§ **What the task requires**:
Reply with the data below, repeated exactly in full.

§ **Records for this exercise**:

-*-*-

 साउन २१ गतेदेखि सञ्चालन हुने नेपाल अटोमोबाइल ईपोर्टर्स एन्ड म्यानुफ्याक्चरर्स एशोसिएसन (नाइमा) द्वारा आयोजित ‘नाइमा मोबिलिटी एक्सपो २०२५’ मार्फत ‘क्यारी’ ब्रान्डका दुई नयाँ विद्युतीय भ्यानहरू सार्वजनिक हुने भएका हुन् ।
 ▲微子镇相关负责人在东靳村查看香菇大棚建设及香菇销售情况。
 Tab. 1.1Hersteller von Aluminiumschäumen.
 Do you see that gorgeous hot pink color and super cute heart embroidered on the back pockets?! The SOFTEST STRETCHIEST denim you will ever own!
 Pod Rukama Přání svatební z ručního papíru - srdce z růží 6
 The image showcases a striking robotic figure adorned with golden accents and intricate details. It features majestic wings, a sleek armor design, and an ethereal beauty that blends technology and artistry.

-*-*-

§ **The answer**:
 साउन २१ गतेदेखि सञ्चालन हुने नेपाल अटोमोबाइल ईपोर्टर्स एन्ड म्यानुफ्याक्चरर्स एशोसिएसन (नाइमा) द्वारा आयोजित ‘नाइमा मोबिलिटी एक्सपो २०२५’ मार्फत ‘क्यारी’ ब्रान्डका दुई नयाँ विद्युतीय भ्यानहरू सार्वजनिक हुने भएका हुन् ।
 ▲微子镇相关负责人在东靳村查看香菇大棚建设及香菇销售情况。
 Tab. 1.1Hersteller von Aluminiumschäumen.
 Do you see that gorgeous hot pink color and super cute heart embroidered on the back pockets?! The SOFTEST STRETCHIEST denim you will ever own!
 Pod Rukama Přání svatební z ručního papíru - srdce z růží 6
 The image showcases a striking robotic figure adorned with golden accents and intricate details. It features majestic wings, a sleek armor design, and an ethereal beauty that blends technology and artistry.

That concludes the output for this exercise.